Mark Wright (FACT Liverpool) composed a curatorial statement for CCN in cooperation with the Connecting Cities curators: Yannick Antoine (iMAL Brussels), Ana Botella (FACT Liverpool), Nerea Calvillo (Medialab Prado Madrid), Diana Civle (Riga2014), Darko Fritz (MSU Zagreb), Jasmin Grimm (Public Art Lab Berlin), Céline Jouenne (Videospread Marseille), Katharina Meissner (MUTEK Montréal), Susa Pop (Public Art Lab Berlin), Mike Stubbs (FACT Liverpool), Minna Tarkka (m-cult Helsinki), Gernot Tscherteu (Media-Architecture Institute Vienna).

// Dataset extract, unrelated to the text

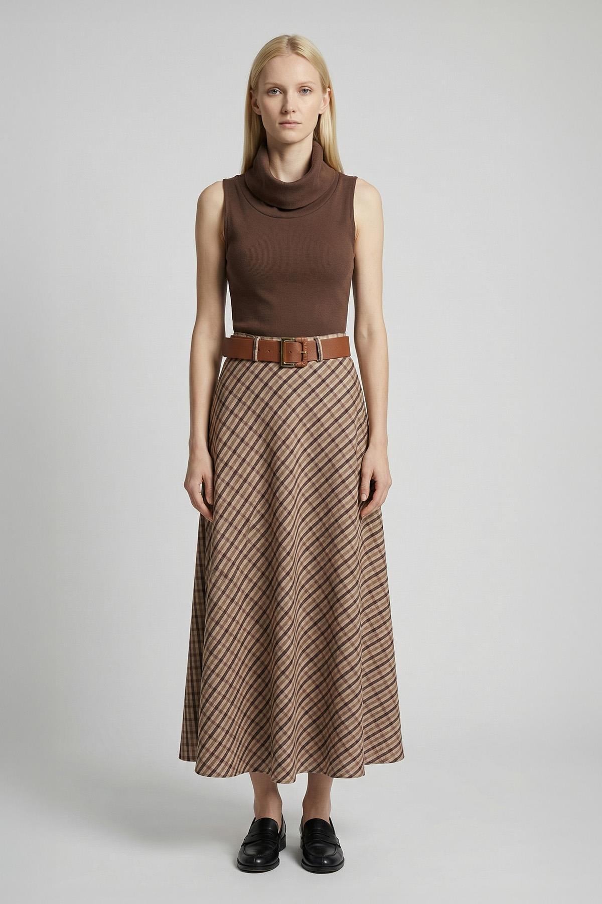 1344 Desenli Kemerli Etek Bej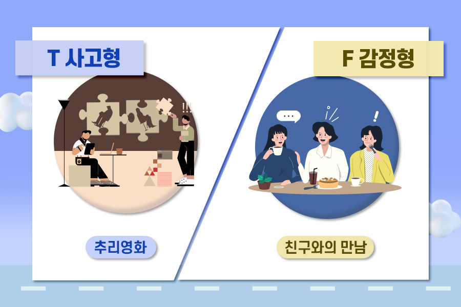 논리적이고 분석적인 성격이 특징인 T는 이성적 사고를 우선시합니다. 이러한 성향을 가진 사람에게는 추리소설 또는 추리영화를 보는 것을 추천합니다. 제시되는 상황을 조합하여 범인을 찾아내는 것에 몰입하면 스트레스 해소에도 도움이 됩니다.

The Connecting Cities' project period (2012-2016) was complemented by the Connecting Cities publication 'What Urban Media Art Can Do - Why When Where & How'. The book engages leading thinkers, artists, curators, architects and designers in an exploration of the aesthetic, theoretical, technological and practical conditions of what urban media art can do. The publication considers artistic responses to current urban threats and discourses in a time characterised by specific technological literacies and constructions of meaning, contextualised within theoretical perspectives.
In this framework, the Connecting Cities curators co-edited the curatorial statement:

The key framing insight is that the issue of co-curation has become central. This is not just because Connecting Cities is an international network, but also because co-curation is inherent to the translocality of urban media artworks. Co-curation emerges as a practice because artworks relocate to diferent cultural contexts or connect such social spaces together in real-time through the integration of the physical and the digital. Here we explore this issue of co-curation and translocality by addressing the following aspects:

  • Diversity - From media labs to media institutions to cultural enterprises, the partners vary greatly in their size, agendas, programmes, processes, funding models and available infrastructure (permanent or temporary). Communities and publics are diferent, both culturally and environmentally. Artists vary in their experience, skills, expectations and practices.
  • Curatorial Model - Co-curation of translocal urban media artworks requires a rethink of curatorial processes and the traditional role of the curator. The model for commissioning and co-curation developed for the Connecting Cities Network is based on the idea of the mobility of artists and the circulation of the artists’ projects.
  • Engagement - Insights and lessons of co-curating artworks in diverse environments and local production conditions, in a translocal framework, are shared with a speciic focus on engagement and context.